Facebook said it stopped asking new users for email passwords

Facebook has halted a sketchy practice of asking some new users for their outside email credentials in order to verify their accounts. After a Twitter user on Sunday shared a screenshot of Facebook asking them for the password to their email, the social media giant faced intense criticism from security professionals. A spokesman for Facebook told The Daily Beast that it would no longer engage in this practice.

Facebook has maintained that the password prompt only appeared for a small number of users, specifically new users who were signing up for Facebook on desktops with email addresses that did not support OAuth.
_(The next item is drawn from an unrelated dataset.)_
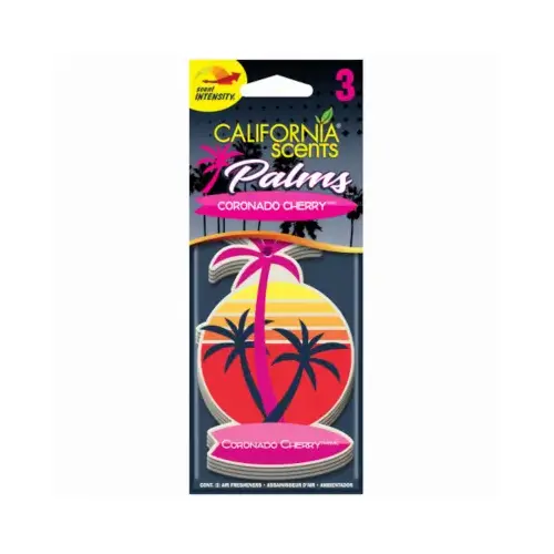 California Scents, 3 Pack, Palms Paper Coronado Cherry Air Freshener. Cherry-scented car freshener in a hanging design adds a fruity fragrance to your space while the palm tree shape and bright colors add a decorative touch to your car.
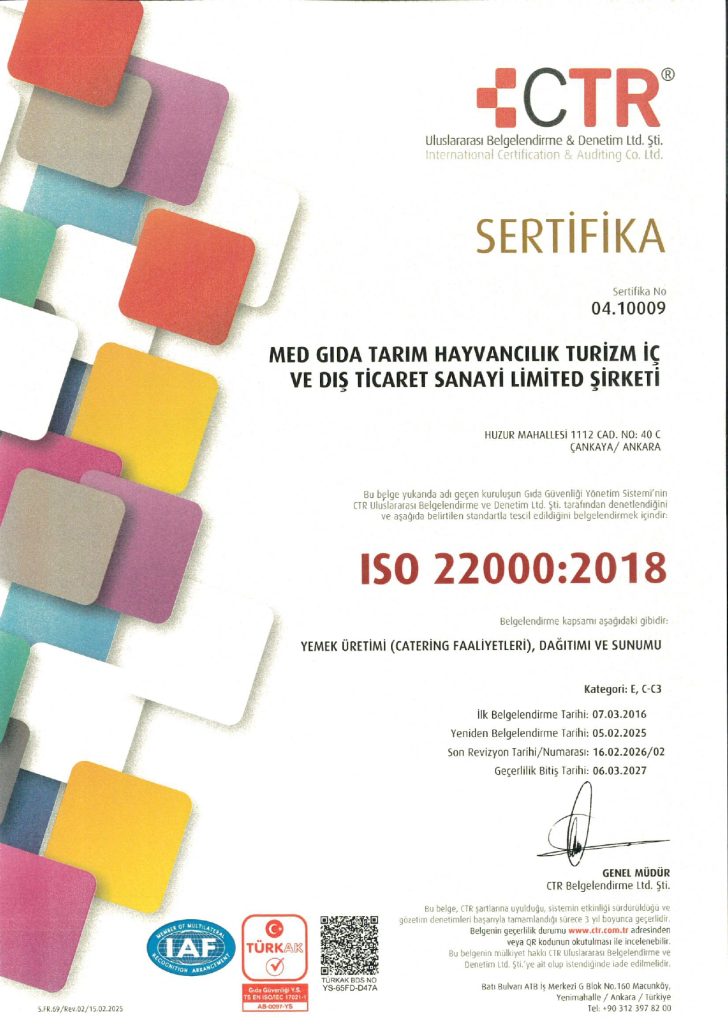 Med Yemek & Servis olarak ISO 9001:2015 Kalite Yönetim Sistemi ve ISO 22000:2018 Gıda Güvenliği Yönetim Sistemleri’ni uygulayarak %100 gıda güvenliğini sağlıyoruz. Hijyenik ve lezzetli yemekler üretmek için tedarikçi seçiminden son ürün size ulaşana kadar her süreçte titizlikle çalışıyoruz.

OAuth, which is an open standard security protocol used by Google, Amazon, Twitter and Facebook, lets users grant third-party clients access to their information without giving them their password.

Engadget tested the company’s claim on Tuesday morning that it no longer asks for email passwords, and it checks out. We signed up for a new Facebook account with an iCloud email address, which doesn’t use OAuth. Facebook then sent a five digit security code to that iCloud email; it also sent a separate email with a “Get Started” link, both of which could be used to get into the new Facebook account — but crucially, it never asked us for the email account password.

Facebook is facing more scrutiny over how it handles user passwords after numerous privacy transgressions over the past year. While the social media giant is always quick to fix whatever initial problem occurs, the fact is that new problems always crop up. If a 3,000 word manifesto released last month by CEO Mark Zuckerberg on a new “privacy-focused” vision for the company is to be believed, the company wants to take privacy seriously from the top-down. But the recent evidence isn’t too encouraging.